A New Era of Sino-American Competition

With President Donald Trump’s rise to power, the world has seen a shift in America’s relations with China. Despite worry that he would not, Trump began his presidency by promising  to honor the One-China policy, which recognizes Beijing as the only legitimate Chinese government. In April of that year, Trump hosted President Xi at his Mar-a-Lago resort for a two-day summit, after which Trump touted “tremendous progress” in trade discussions, and Xi asserted to the Chinese media that he and Trump had “engaged in a deeper understanding, and have built a trust.” A ten-part agreement was unveiled in mid-May between Beijing and Washington to expand trade of products and services like beef, poultry, and electronic payments. While U.S. Commerce Secretary Wilbur Ross described the relationship as “hitting a new high,” experts were less impressed.

March 22, 2018 brought an announcement of sweeping tariffs on Chinese imports in response to what the White House alleges is Chinese theft of U.S. technology and intellectual property.
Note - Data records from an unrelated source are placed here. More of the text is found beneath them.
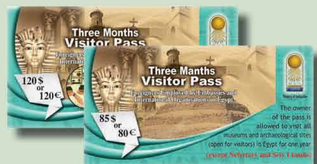
Three months pass for foreigners employed by embassies and international organizations in Egypt

To purchase the pass: Original Passport + One Personal Photo *New ticket prices for Egyptians starting from April 2018*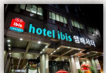
Get off at Ibis Ambassador Myeongdong across from Lotte Hotel Seoul.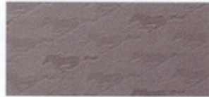
Light Graphite Galloping Horse Cloth Standard on GT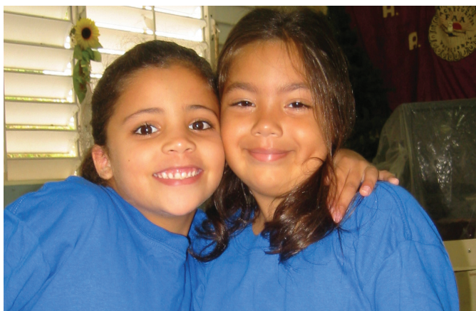
Students at Fundación Chana y Samuel Levis’ SEED program benefited from a Spanish-language financial education curriculum created by the agency.

Progressive. Progressive means lower-income populations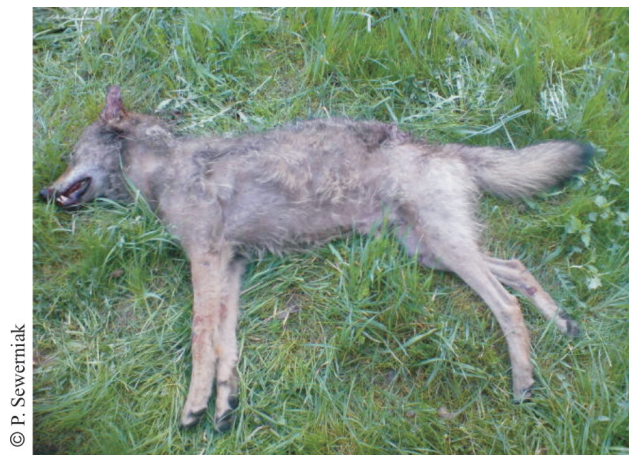
Figure 6. A young wolf killed by a car near Ołtoczyn on a road number 1 (14.05.2009)

There are two areas of primary significance for the occurrence of the present-day pack of wolves that populate the Bydgoszcz Primeval Forest. The first is a huge post-fire area, located mainly in the Cierpiszewo Forest Divi-

In combination with tariffs placed on steel and aluminum earlier in the month, the new taxes target goods including clothes, shoes, and electronics, and restrict some Chinese investment in the U.S. In retaliation, China imposed similar measures in early April on a range of U.S. products, sparking concerns of a trade war which quickly came to fruition and escalated throughout the year. President Trump made it clear that he believes that China is “ripping off” the U.S. by taking advantage of free trade rules.

Looking back on these events with the start of the new year, 2018 was a watershed moment in U.S.-China relations. Shifting from an era of expanding cooperation, there is now a course correction of U.S. foreign policy. President Xi’s more assertive domestic policy includes an increase in defense spending and consolidation of military control; doubling down on efforts to gain control of the South China Sea; a crackdown on dissent; and, abroad, increased political interference. Additionally, Beijing has been coordinating with Moscow on security-related issues. Taken together, the U.S. is right to view China with caution. Despite the trade war, the Trump administration’s hardline stance on China has been met with widespread support, with only a few voices in the financial and technological industries still pushing for cooperation. Trump’s policy so far has been to push back against growing Chinese assertiveness through the framework of “peace through strength,” with the hopes of stabilizing relations.

With Trump’s “America First” policy and Xi’s military expansionism, we are seeing a turbulence and a deep structural shift in U.S. foreign policy that is escalating tensions between the two countries. By leaving behind cooperation, we are entering into an era of strategic competition. Economic cooperation can be maintained, and the two countries are likely to call a ceasefire if not sign a peace agreement; cooperation on key global issues can be resumed. With a new election coming up, President Trump and his preferred methods of foreign policy – tweets and tariffs – may soon become a thing of the past. However, the shift in U.S. views on China will endure. With this turning point comes a new challenge for both Washington and Beijing: to find a way to manage this competition without it deteriorating into conflict.